Sensitivity analysis was conducted by evaluating the normalized AUC at Week 52 for 8 of the 18 studies in the primary analysis that maintained randomization from baseline to 48 or 52 weeks: AMAGINE-2 [19], AMAGINE-3 [19], CLEAR [18], FIXTURE [20], IXORA-S [21], UltIMMa-1 [22], UltIMMa-2 [22], and ECLIPSE [23].
In all analyses, between-drug differences were considered significant where 95% credible intervals were nonoverlapping (normalized AUC and cumulative days) or did not overlap 1 (relative effects ratios).
Results
An overview of the clinical trials included in this NMA are listed in Table 1. Included for each trial is the duration of study, baseline PASI, and the response rates for PASI 90/100 at the last timepoint of the study through Week 52.

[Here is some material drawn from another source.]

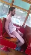 Risky BUS RAIL! Exhib twunk unload a giant fountain in the backseat of a bus!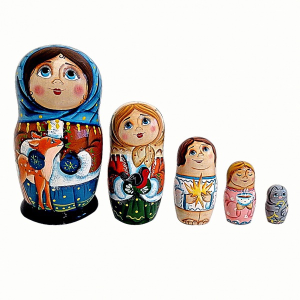 Уютным и оригинальным сюрпризом к празднику станет матрешка «Рождество». Пять деревянных кукол исполнены светлой радости. Каждая не похожа на другую, но вместе они расскажут прекрасную рождественскую сказку. Мама, дочки, сынок со Звездой и даже любимец кот устремляют взоры в небеса — добрые, исполненные счастья, которым они с радостью поделятся с вами.

Normalized maximum AUC for complete (PASI 100) and almost-complete (PASI 90) skin clearance at Weeks 16 and 52 are shown in Fig. 1. The numerically highest cumulative clinical benefits [median AUC (95% credible interval)] for complete clearance over 52 weeks were observed for ixekizumab [0.436 (0.405, 0.467)], risankizumab [0.423 (0.397, 0.449)], and brodalumab [0.378 (0.326, 0.430)] (Fig. 1). For almost-complete skin clearance, the highest cumulative benefits were observed for risankizumab [0.671 (0.645, 0.697)], ixekizumab [0.642 (0.610, 0.673)], and brodalumab [0.632 (0.599, 0.656)]. Of note, ixekizumab and brodalumab, two IL-17 inhibitors, each showed significantly greater normalized AUC for almost-complete skin clearance versus secukinumab, another IL-17 inhibitor [0.578 (0.559, 0.597)], and ixekizumab also showed significantly greater normalized AUC for complete skin clearance versus secukinumab [0.324 (0.303, 0.344)]. Among IL-23 inhibitors, risankizumab, showed significantly greater normalized AUC versus guselkumab for both complete and almost-complete skin clearance [0.358 (0.330, 0.386) and 0.614 (0.587, 0.641), respectively]. Ixekizumab also showed significantly greater normalized AUC for complete skin clearance versus guselkumab, while risankizumab showed greater normalized AUC for complete and almost-complete skin clearance versus secukinumab. Results from the sensitivity analyses comparing absolute effects in the main NMA dataset versus 52-week data for the eight clinical trials randomized with active controls through 52 weeks were consistent with the overall findings (Table 2).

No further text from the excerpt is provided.